Certainly, the appeal of the anonymity and liability protection afforded by making real estate investments in entities are real and do not need to be reviewed here.  Many real estate investing gurus have profited from selling video tapes, compact discs, and seminars espousing these very benefits. Those advocates rarely take the perspective of a lender or other skeptics, and point out the potential downfalls of such a move.  They include:

  • ACCESS TO LOANS : The universe of lenders that have an appetite for Non-Owner Occupied Real Estate is small.  It becomes even smaller if the property is owned in an entity.  The exception is blanket commercial loans that typically are for larger dollar amounts and warrant the time of the bankers due to their size.
  • LOSS OF DEALS : Deals can be lost if, for example, a purchase contract is originally executed in the name of an entity but a lender refuses to make a loan secured by the property unless the contract is in the name of an individual.  These days, inflexible sellers such as banks, HUD or Fannie Mae/Freddie Mac typically refuse to amend contracts and would rather sell to the next bidder than go through the brain damage of modifying your deal.
  • COST OF LOANS :  The cheapest money in today’s market is Fannie Mae and Freddie Mac compliant loans.   If you can find a bank that will provide financing for non-owner occupied property held by an entity, it will cost significantly more.
  • COMPLEXITY :  The very liability-shielding attributes of investing via an entity may spook lenders if those entities lack long and well-established track records.  If lenders decide to lend directly to the entity, the individual owner(s) of the entity usually end up having to personally guarantee the loan anyway.  The days of non- or limited-recourse lending are a distant image in the rear view mirror.
  • ADDITIONAL COSTS : It is easy to undermine the underlying purpose of establishing the entities if people who use them are extremely vigilant, but it takes thought, time and money.  To have the desired liability-shielding effect, operating in an entity requires extra costs and hassles, such as formation of entity, distinct set of books and financial statements, tax returns, bank accounts, checks, and the like. 
  • LEGAL : The use of an entity may take away an individual’s ability to represent himself in small claims court or for real estate tax complaints.  For example, if an individual owns a four-unit in the name of his entity and seeks to evict a deadbeat tenant, a judge would not likely allow the landlord to appear in court without an attorney.  Why?  Because not doing so would be considered unauthorized practice of law in most states since as an individual (who is not an attorney) cannot represent a third party in court.  Even if the individual owns 100% of the entity which owns the building, the entity itself represents a discrete third party in the eyes of the court.

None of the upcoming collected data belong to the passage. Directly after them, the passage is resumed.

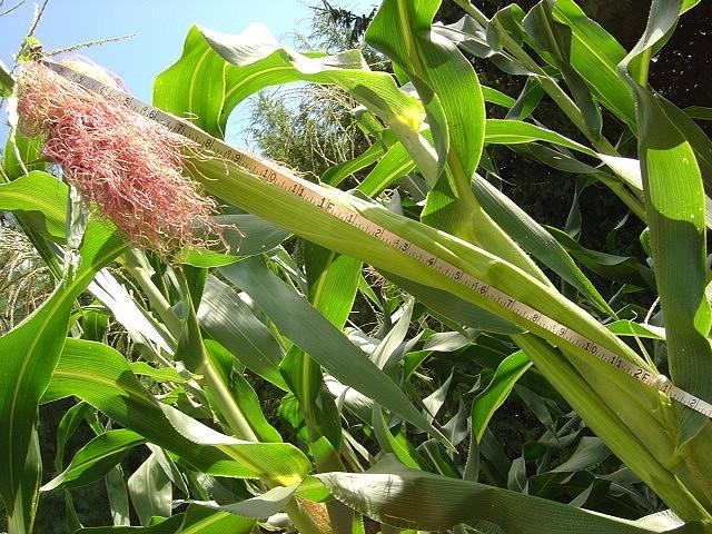 Most of the ears are about 2 ft. Where is connects down into the stalk is a bit longer than 2 ft. All the ears are long and narrow. I'm hoping to get some viable seed out of these. I'm not exactly sure if the cobs are as long, but we'll see when I harvest them.
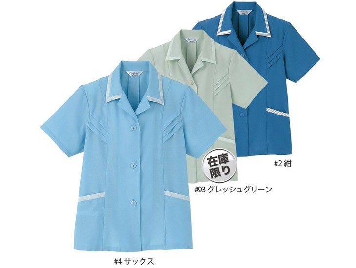 リミット,女性用,レディース,スモック,半袖スモック,春夏,制電,生地1,紺,サックス,グレッシュグリーン
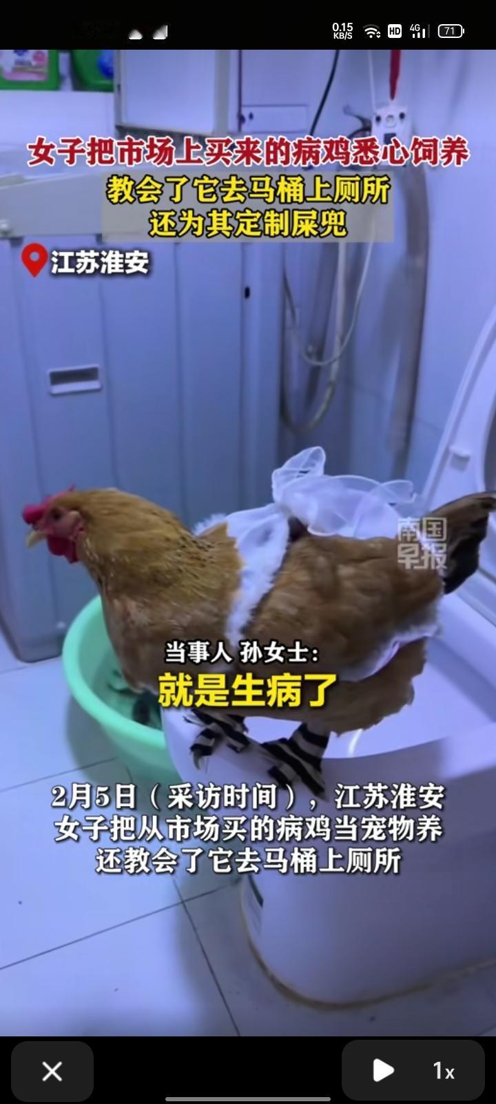 2月5日,江苏淮安。女子把从市场买的病鸡当宠物养,还教会它去马桶上厕所,还为它定制屎兜。 当事人孙女士表示,已经给鸡买了点药回来,能治好的以后再吃,一个星期后就好了,结果它下蛋了,拉屎也拉了很多,就想把它抱到厕所里上,它立马就拉了。

All hope is not lost, since certain goals can be achieved through alternative means.  For example, to the extent owning real estate in entities helps shield individuals from potential liability, such as the mailman slipping and falling, protection against this can be obtained through proper landlord policies and an umbrella insurance policy.

In short, be sure to think through all of the potential ramifications of whether to make your real estate investments in the name of an entity or as an individual.  Notwithstanding what the gurus say (and sell) in their tapes and seminars, always remember The Golden Rule.  And if the folks with the “gold” who are making you a loan to buy properties take steps to undermine the effect of your entity, then the use of it may turn out to be more hassle than it’s worth.